Functional: send/receive messages in real time (1:1 and groups); deliver to offline users when they reconnect; delivery + read receipts; online/last-seen presence; media messages; E2E encryption.

Non-functional: low latency, reliable delivery (no lost messages, in order), massive concurrent connections (billions of users), high availability, and privacy.

Step 2 — Persistent connections

Messaging needs the server to push instantly, so clients hold a persistent connection (WebSocket / long-lived TCP) to a connection/gateway server.

  • A fleet of connection servers each hold millions of open connections.
  • A session registry maps user_id → which connection server they’re on (in Redis), so the system knows where to route a message.
sender → conn server A → route via session registry → conn server B → recipient
                        └─ persist message (for ordering, receipts, offline)
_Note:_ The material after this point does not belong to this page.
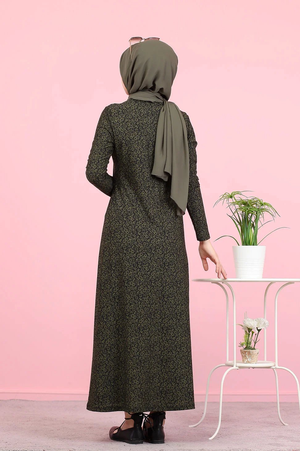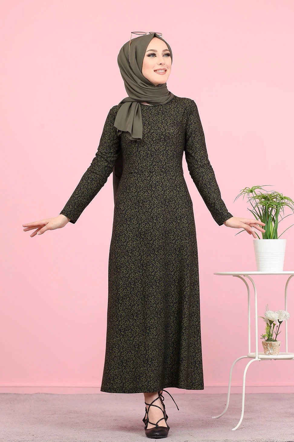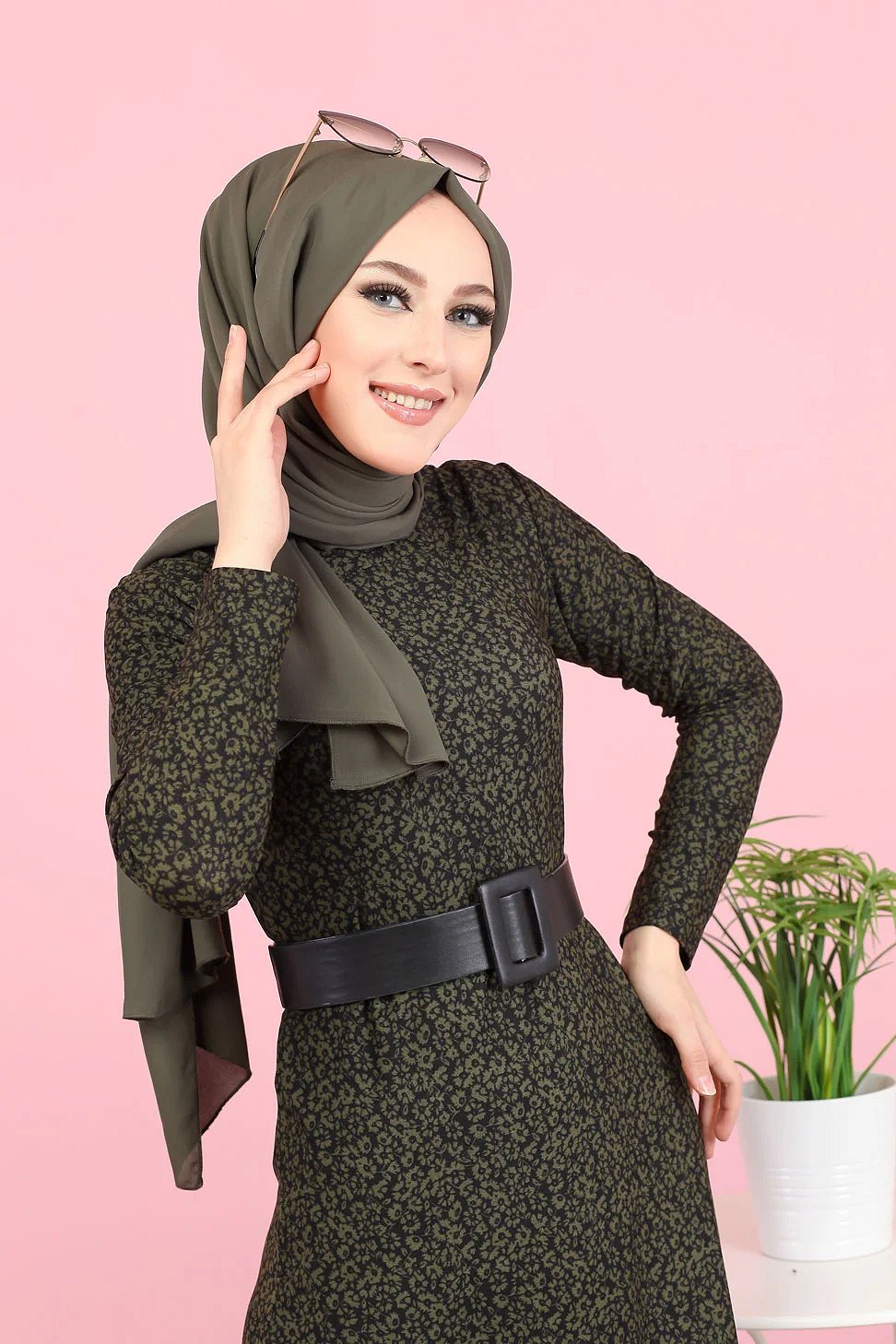 Robe longue légèrement cintrée à la taille, col rond, manches longues. (ceinture non fournie)

Step 3 — Message flow and delivery guarantees

  1. Sender’s connection server receives the message, assigns a per-conversation sequence number (ordering), and persists it.
  2. It looks up the recipient in the session registry:
    • Online → push to the recipient’s connection server → deliver instantly.
    • Offline → store in the recipient’s message queue/inbox (in a DB) for delivery on reconnect.
  3. The recipient acks delivery; the sender gets a delivery receipt, then a read receipt when opened.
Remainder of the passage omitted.